Partners may be personally liable for business debt in some states: In some states, even limited partners may be personally responsible for business debts incurred by the partnership.
Types of business partnerships
General partnerships
A general partnership is the simplest and most common type of business partnership. Each member typically shares equal operational and legal liability, including day-to-day responsibilities as well as income and losses. This means that each partner’s personal assets can be used to settle the business’s debts.
The partnership benefits from pass-through taxation, but individual partners must also pay self-employment tax.
Limited partnerships
A limited partnership is an arrangement between a general partner(s) with unlimited liability and a limited partner(s) who maintains basic limited liability protections.
Unlike general partners, limited partners invest capital into the business but don’t have operational control over the business. That limited partner’s total profit shares typically depend on the amount of capital they invest into the company and may be less or more than general partners.
Limited partners pay taxes on their share of the profit but aren’t subject to self-employment tax.
Limited liability partnerships
In a limited liability partnership, all partners benefit from limited liability protections. Partners are still personally liable for their individual negligence and, depending on the state, may be responsible for some of the partnership’s debts, but they generally aren’t liable for the harmful actions of other partners.
State laws dictate what type of business can or cannot become an LLP, but the eligible businesses are typically limited to professional service businesses, such as physicians, dentists, accountants and law practices.
Limited liability limited partnerships
A limited liability limited partnership (LLLP) is an option for structuring your business in about half of U.S. states. It allows for one or more general partners to run the business while other limited partners sit back, much like a limited partnership, but it protects all partners involved from being personally liable for business debts or lawsuits against the business.

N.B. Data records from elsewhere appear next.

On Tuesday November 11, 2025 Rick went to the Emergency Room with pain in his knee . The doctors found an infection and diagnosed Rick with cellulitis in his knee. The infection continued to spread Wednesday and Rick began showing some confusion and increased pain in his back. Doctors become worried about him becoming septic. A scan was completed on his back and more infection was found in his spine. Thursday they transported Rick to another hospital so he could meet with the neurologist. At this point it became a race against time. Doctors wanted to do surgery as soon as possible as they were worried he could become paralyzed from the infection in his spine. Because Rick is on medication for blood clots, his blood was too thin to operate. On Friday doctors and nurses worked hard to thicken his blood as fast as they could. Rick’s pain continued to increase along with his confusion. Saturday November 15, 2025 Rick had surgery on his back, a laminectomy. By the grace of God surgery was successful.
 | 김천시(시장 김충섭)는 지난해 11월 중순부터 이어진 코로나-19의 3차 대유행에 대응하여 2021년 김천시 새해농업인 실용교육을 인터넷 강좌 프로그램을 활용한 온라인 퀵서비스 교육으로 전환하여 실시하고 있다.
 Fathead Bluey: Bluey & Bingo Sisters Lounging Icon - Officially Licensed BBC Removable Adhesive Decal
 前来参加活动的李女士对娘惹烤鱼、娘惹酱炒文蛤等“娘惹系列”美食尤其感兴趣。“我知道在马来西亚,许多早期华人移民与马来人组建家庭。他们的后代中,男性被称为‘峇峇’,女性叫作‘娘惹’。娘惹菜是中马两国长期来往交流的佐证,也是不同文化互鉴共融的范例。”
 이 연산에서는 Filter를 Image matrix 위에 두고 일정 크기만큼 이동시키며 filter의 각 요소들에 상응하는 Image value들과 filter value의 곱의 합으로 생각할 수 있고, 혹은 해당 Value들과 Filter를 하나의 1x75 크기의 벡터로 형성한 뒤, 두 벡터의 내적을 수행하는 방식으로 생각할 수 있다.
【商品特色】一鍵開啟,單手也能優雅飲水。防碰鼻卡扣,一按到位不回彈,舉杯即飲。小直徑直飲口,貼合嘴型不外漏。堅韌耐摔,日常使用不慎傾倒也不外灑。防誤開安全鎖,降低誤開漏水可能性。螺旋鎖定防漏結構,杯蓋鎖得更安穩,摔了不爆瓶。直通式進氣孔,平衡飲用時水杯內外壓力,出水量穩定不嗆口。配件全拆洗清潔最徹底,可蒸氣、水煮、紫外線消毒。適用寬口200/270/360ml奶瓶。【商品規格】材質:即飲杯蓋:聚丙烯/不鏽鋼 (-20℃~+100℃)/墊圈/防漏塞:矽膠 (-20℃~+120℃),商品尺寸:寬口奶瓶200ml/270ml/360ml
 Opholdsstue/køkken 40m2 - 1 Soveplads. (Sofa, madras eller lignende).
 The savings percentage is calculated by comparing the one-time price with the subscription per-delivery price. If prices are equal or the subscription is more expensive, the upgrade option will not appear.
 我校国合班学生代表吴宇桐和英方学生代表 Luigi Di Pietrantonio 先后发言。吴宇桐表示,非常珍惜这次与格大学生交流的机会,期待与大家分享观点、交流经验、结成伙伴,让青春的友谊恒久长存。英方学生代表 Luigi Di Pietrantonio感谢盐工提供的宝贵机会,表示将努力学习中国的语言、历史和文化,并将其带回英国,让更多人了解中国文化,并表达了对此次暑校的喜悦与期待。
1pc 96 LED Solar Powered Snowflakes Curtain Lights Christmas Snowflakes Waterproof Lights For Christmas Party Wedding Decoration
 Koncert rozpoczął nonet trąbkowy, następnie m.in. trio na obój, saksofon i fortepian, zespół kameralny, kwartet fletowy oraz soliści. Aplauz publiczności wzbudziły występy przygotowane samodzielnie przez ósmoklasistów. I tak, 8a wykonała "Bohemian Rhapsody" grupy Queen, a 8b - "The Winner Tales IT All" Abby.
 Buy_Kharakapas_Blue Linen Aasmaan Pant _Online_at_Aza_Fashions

Because this new structure isn’t recognized by all states, it may not be the right choice for partnerships that operate in multiple states or plan to expand.
Splitting responsibilities and profits in a partnership
When forming a partnership, you’ll define the roles and responsibilities of each partner, along with their compensation, in a partnership agreement.
Ownership doesn’t need to be split equally among the partners. Each partner contributes something to the business, but not every partner needs to invest money or be involved in day-to-day operations — a non-equity partner can provide their time and expertise without contributing any cash, and a silent partner can provide capital without taking on any management responsibilities.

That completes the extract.